2.    Doing it after tasleem.

Another way is to continue your salah and end it with tasleem as you normally would.

After that you say Allahu Akbar and prostrate for your first prostration, and say Subha-na Rabbi al-A'la three times. Then you say Allahu Akbar and return to the sitting position.

Then you say Allahu Akbar again and do your second prostration and say Subha-na Rabbi al-A'la three times.

Finally, you say Allahu Akbar the last time and return to the sitting position, and then turn your face to the right saying “As-Salamu 'Alaikum wa-Rahmatullah.”

Further Notes/Examples

1.    If you realize before making tasleem that you have added anything to the salah, for example an extra rakah, you may do sajdah as-sahw before or after tasleem.

2.    If you did not pray one or more rakah, you must get up and complete them, then at the conclusion of prayer you do sajdah as-sahw.

3.    If you forgot to perform sajdah as-sahw, but remembered shortly afterwards, then you should do it as soon as you remember it.  However, if a long time has passed, then you do not have to do anything and your prayer is still valid. 

4.    If the Imam offers sajdah as-sahw, everyone else behind him also does it, even if no individual made a mistake.

5.    If you make a mistake behind an Imam, you do not offer your own sajdah as-sahw because the Prophet said, “Indeed, the Imam was made to be followed.”[1]

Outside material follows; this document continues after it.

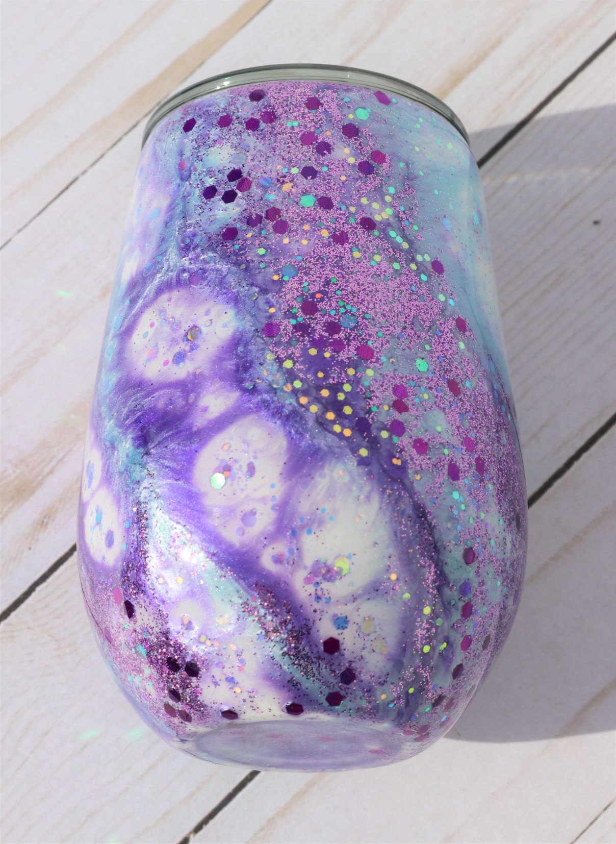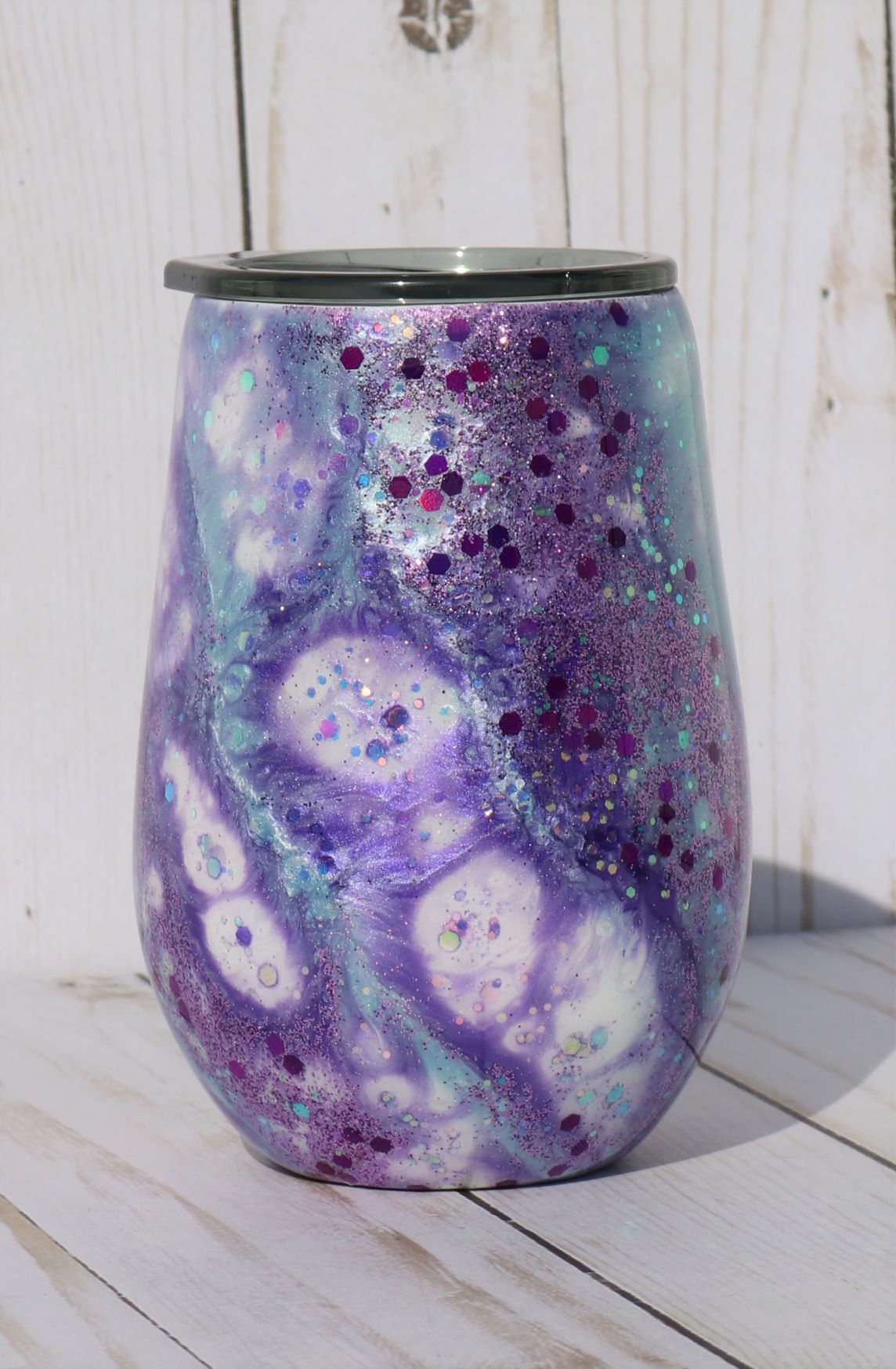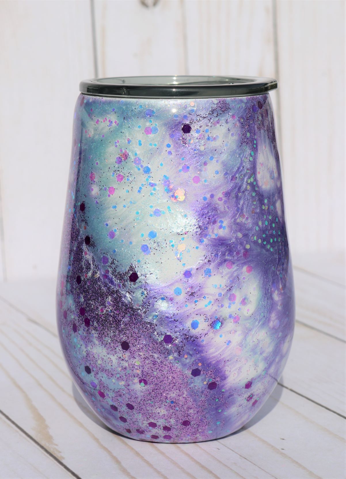 This shimmery tumbler is amazing! Mica and glitter are swirled into the epoxy to give the look this tumbler has. After that is done and dry, the tumbler is sanded, decals added, and another layer of epoxy is added to give that smooth glasslike feel.

6.    What do you do it you are uncertain about how many rakahs you have prayed? You assume and go by the number you are more certain of.  For example, in a four rakah prayer, you think you more likely prayed three rakahs, then you pray another one and do sajdah as-sahw. If you think you prayed four rakahs, all you do is do sajdah as-sahw at the end. If you are unable to decide which of the two is more probable, it could have been three or four rakahs, you assume and go by the lesser count, i.e. three rakahs. You pray another rakah and then do sajdah as-sahw.